Guiengola
North Plaza of Guiengola featuring the East and West Pyramids and Ballcourt No. 1 | |
Interactive map of Guiengola | |
| Location | Santo Domingo Tehuantepec, Oaxaca, Mexico |
|---|---|
| Region | Mesoamerica |
| Coordinates | 16°23′09″N 95°19′24″W / 16.38583°N 95.32333°W |
| Type | Fortified urban settlement |
| History | |
| Periods | Late Postclassic (approx. 14th–early 16th centuries) |
| Cultures | Zapotec |
Guiengola is a Late Postclassic (14th–early 16th centuries CE) Zapotec archaeological site located near Santo Domingo Tehuantepec in the Isthmus of Tehuantepec, Oaxaca, Mexico.

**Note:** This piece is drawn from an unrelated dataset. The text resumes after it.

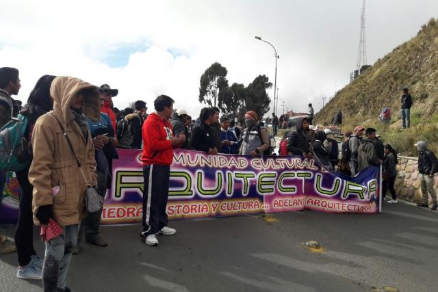Desde primeras horas de la mañana, los estudiantes, docentes y administrativos que participan en la movilización se dividieron en grupos para abarcar los distintos puntos y bloquear las principales vías entre El Alto y La Paz.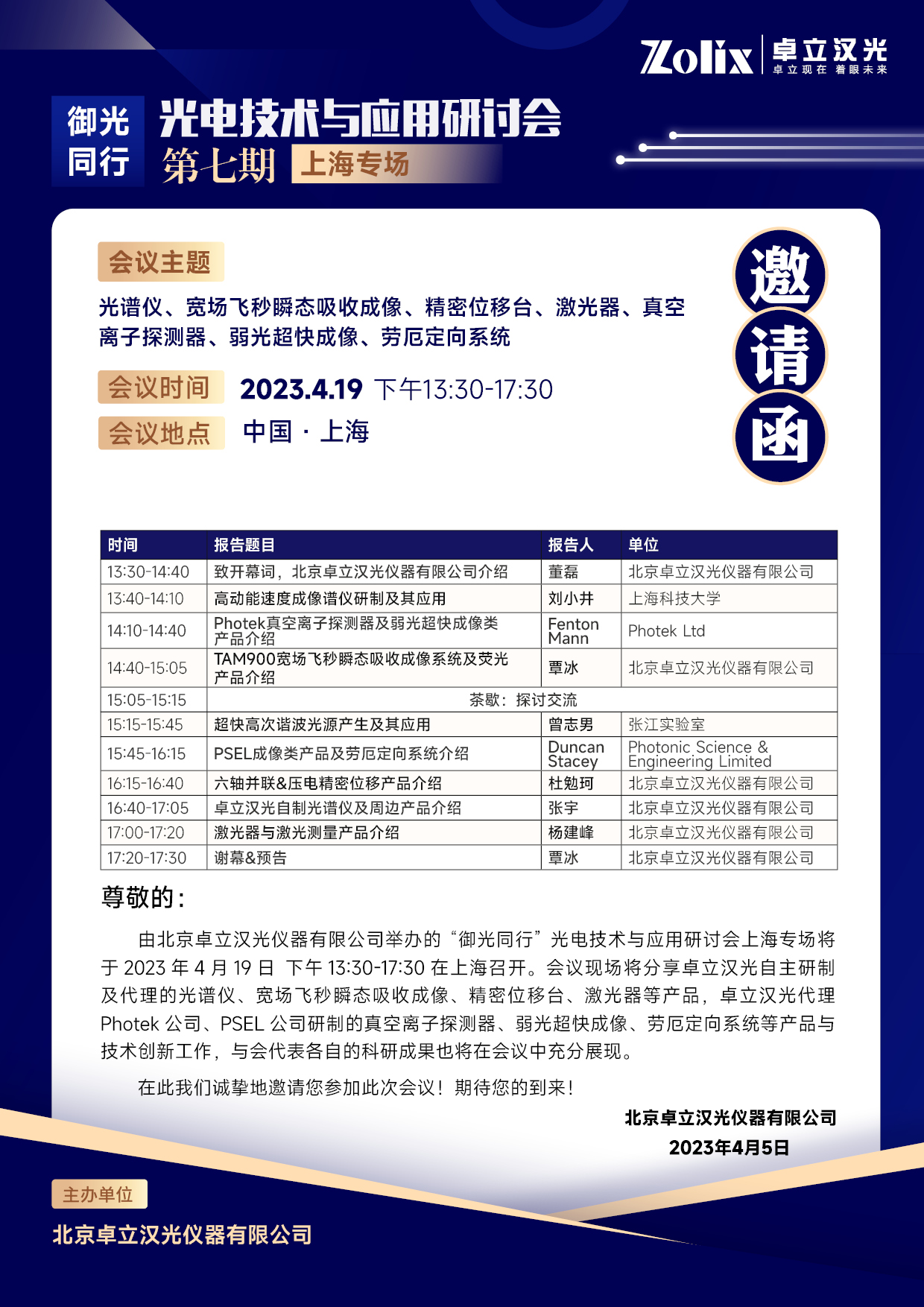 截至目前,卓立漢光已順利舉辦了五期線下/線上研討會(huì),觀眾熱情高漲,為了滿足大家對(duì)會(huì)議的期待,接下來(lái)的三期“御光同行”主題研討會(huì)將分別在北京、上海、合肥舉辦,誠(chéng)邀會(huì)議所在城市及周邊單位的專家學(xué)者參加會(huì)議。

The site occupies a strategically elevated landscape overlooking the Tehuantepec River system and is widely known in historical accounts as a fortified settlement associated with conflict between the Zapotec and Mexica polities during the decades preceding Spanish colonization.
Archaeological research has demonstrated that Guiengola was not only a military stronghold but a substantial urban settlement. Systematic pedestrian survey and airborne lidar mapping have documented an occupation area of approximately 360 hectares containing more than one thousand architectural features, including civic-ceremonial buildings, elite residential compounds, neighborhoods, road systems, terraces, and defensive walls. The architectural core, or epicenter, includes plazas, ballcourts, and large residential complexes associated with governing elites.
In addition to its importance for understanding Late Postclassic Zapotec political expansion and regional interaction, Guiengola holds contemporary cultural and historical significance for communities in and around Tehuantepec, where it remains embedded in local identity, memory, and heritage governance.